WHAT TO DO: Among the lines below, restate word for word only those from the line with "The company has" through the line with "The following chart", with both end lines kept.

DATA:
-- Opening Marker --
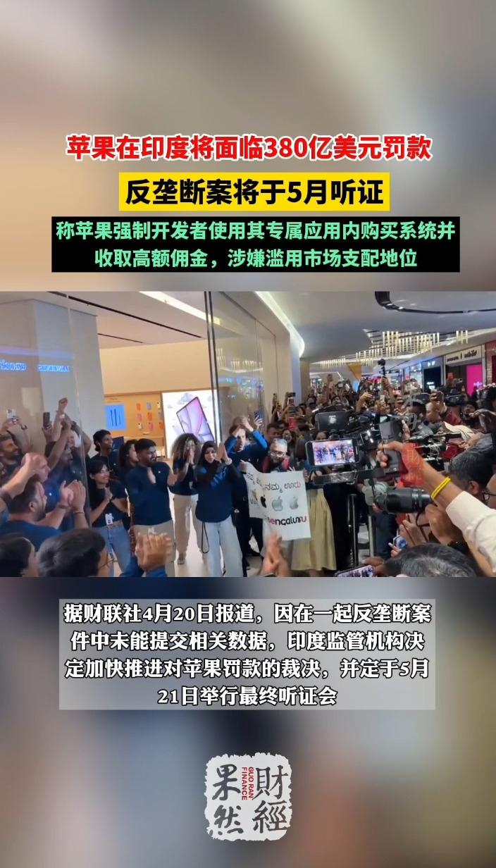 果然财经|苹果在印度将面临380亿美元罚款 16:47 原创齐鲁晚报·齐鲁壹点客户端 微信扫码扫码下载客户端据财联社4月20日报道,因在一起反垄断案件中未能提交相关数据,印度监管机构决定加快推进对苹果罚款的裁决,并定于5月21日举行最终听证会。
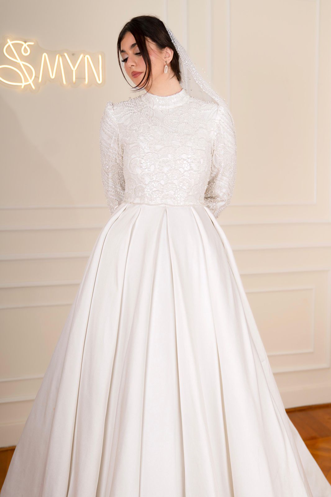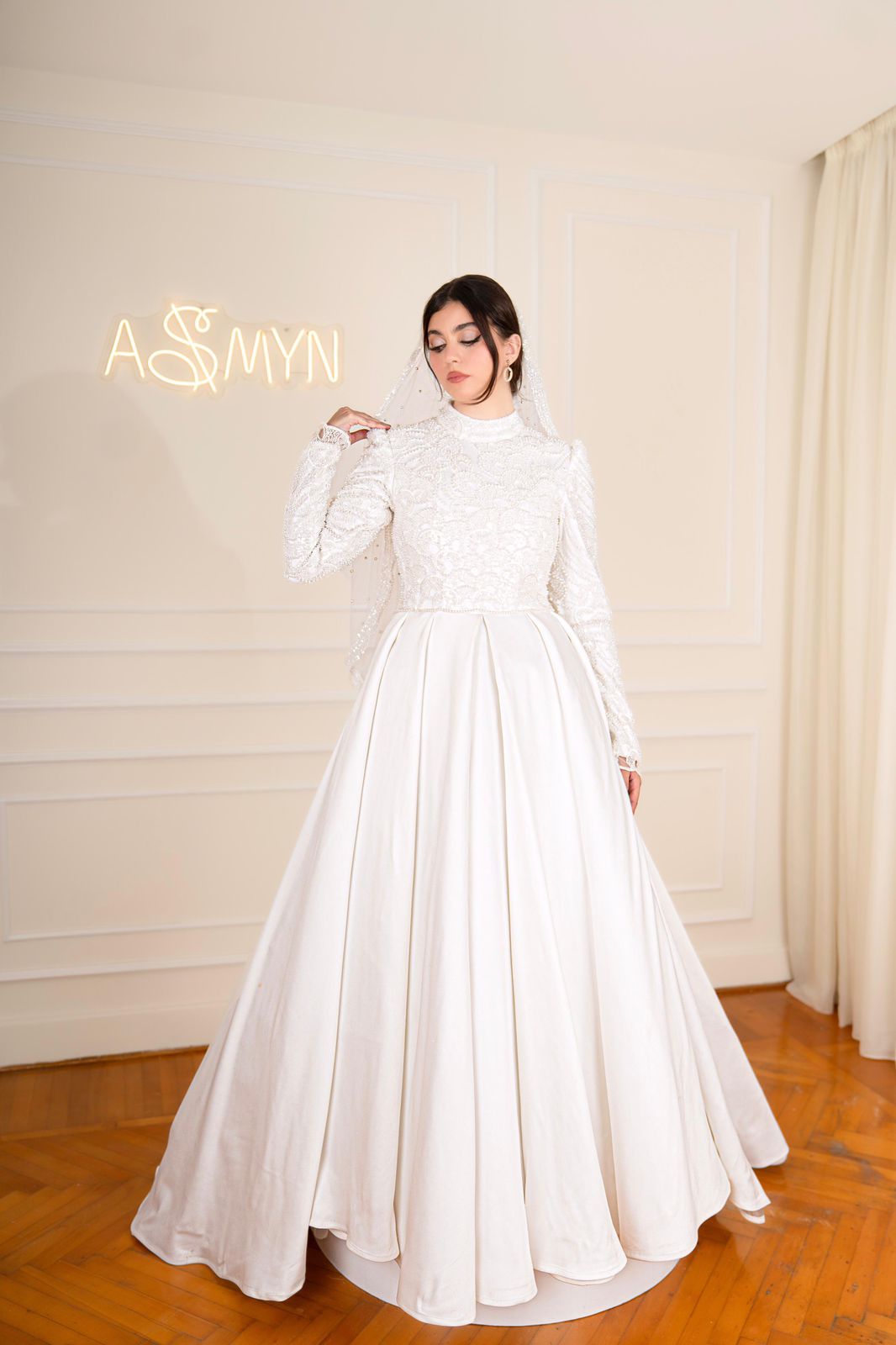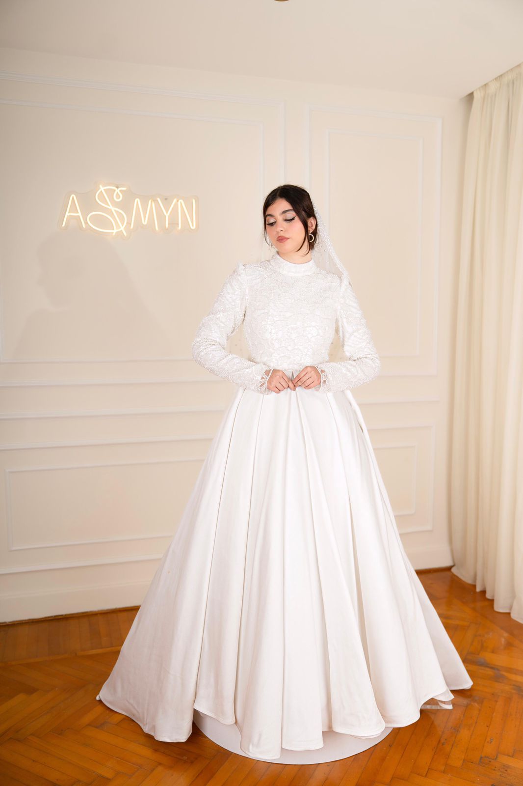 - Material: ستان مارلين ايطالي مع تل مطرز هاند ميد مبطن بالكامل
-- Closing Marker --
-- Opening Marker --
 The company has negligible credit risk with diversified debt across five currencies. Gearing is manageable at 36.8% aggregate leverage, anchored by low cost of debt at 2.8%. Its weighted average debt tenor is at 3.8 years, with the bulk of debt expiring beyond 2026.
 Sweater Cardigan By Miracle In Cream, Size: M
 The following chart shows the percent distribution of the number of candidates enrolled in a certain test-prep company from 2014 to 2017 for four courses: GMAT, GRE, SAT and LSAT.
-- Closing Marker --
WRITTEN ANSWER:
 The company has negligible credit risk with diversified debt across five currencies. Gearing is manageable at 36.8% aggregate leverage, anchored by low cost of debt at 2.8%. Its weighted average debt tenor is at 3.8 years, with the bulk of debt expiring beyond 2026.
 Sweater Cardigan By Miracle In Cream, Size: M
 The following chart shows the percent distribution of the number of candidates enrolled in a certain test-prep company from 2014 to 2017 for four courses: GMAT, GRE, SAT and LSAT.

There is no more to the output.